I have just decided (once again) that Ludwig Van Beethoven was a brilliant man, and I'm not just talking about his music, no, his love letters to his 'immortal beloved'.
"My heart overflows with a longing to tell you so many things -- Oh -- there are moments when I find that speech is quite inadequate." "Can our love endure without sacrifices, without our demanding everything from one another; -- can you alter the fact that you are not wholly mine, that I am not wholly yours?" "Your love has made me both the happiest and unhappiest of mortals -At my age I now need stability and regularity in my life - can this coexist with our relationship?"
Exactly how I feel in some aspects, and if you ever get a chance, look them up and read them, absolutely beautiful.
So I'm falling off the radar, cause I don't have a computer to update with, and I have no time to update either. On another note, I've chopped off my hair, and pictures will come when I have a good hair day, and I have time to take them. I miss you all, and I will try to update when I get the chance...which will probably not be for quite a while.
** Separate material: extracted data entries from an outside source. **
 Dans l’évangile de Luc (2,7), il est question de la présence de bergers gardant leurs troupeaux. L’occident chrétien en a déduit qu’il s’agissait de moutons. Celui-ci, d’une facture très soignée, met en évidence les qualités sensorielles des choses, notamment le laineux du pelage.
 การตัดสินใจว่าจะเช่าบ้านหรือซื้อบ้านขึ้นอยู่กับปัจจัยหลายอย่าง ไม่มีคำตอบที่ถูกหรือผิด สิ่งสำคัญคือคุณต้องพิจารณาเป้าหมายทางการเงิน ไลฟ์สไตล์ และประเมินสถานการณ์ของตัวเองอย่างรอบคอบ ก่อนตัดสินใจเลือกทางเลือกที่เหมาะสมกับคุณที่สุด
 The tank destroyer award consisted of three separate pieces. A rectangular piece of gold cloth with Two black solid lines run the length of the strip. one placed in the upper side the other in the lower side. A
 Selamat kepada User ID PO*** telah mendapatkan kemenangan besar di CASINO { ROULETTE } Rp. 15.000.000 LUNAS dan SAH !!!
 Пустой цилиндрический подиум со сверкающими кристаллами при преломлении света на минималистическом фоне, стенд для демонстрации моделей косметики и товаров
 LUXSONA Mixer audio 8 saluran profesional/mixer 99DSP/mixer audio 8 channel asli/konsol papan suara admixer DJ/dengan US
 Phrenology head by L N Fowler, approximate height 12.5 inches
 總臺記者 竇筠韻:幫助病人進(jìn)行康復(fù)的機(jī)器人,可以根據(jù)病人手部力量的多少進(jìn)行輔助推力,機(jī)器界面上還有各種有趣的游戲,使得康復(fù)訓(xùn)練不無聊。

Sometimes life is cruel, its harsh, its heartless. There are so many things that just aren't within our control, things which you don't choose to happen, but do. Things which you never even thought of happening but they happen anyhow, so many things you just don't plan on.
If you could have just one wish, what would it be? I know what mine would be, but its selfish, and I want to be selfish with it. But its cruel of me, heartless of me to want something like that, because I can't control it, and if I could it wouldn't be right, it would never feel right with me.
Remembering I dream, melancholy at the windowsill memories I will never tell our passion in the last night hours, our tearful goodbyes at down. Mountains and rivers divide us. I've given up hope for rain. Divided - I dream of you today I even embrace the pain. Yuan Chen (775-831)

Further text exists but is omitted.